[Records shown]

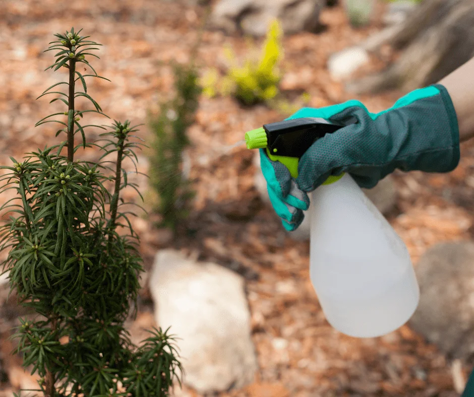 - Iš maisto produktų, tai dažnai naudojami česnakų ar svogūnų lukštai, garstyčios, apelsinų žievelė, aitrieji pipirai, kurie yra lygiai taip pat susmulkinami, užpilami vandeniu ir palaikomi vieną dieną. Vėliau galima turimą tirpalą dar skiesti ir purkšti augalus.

[/Records shown]
[Records shown]

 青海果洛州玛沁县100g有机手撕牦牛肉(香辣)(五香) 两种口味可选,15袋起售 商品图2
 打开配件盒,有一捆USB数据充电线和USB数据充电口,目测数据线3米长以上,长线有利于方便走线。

[/Records shown]

- _About this exercise_
Retype the entries above exactly, but only from the line containing "青海果洛州玛沁县100g有机手撕牦牛肉(香辣)(五香) 两种口味可选,15袋起售 商品图2" through the line containing "打开配件盒,有一捆USB数据", both included.

- _Answer below_
 青海果洛州玛沁县100g有机手撕牦牛肉(香辣)(五香) 两种口味可选,15袋起售 商品图2
 打开配件盒,有一捆USB数据充电线和USB数据充电口,目测数据线3米长以上,长线有利于方便走线。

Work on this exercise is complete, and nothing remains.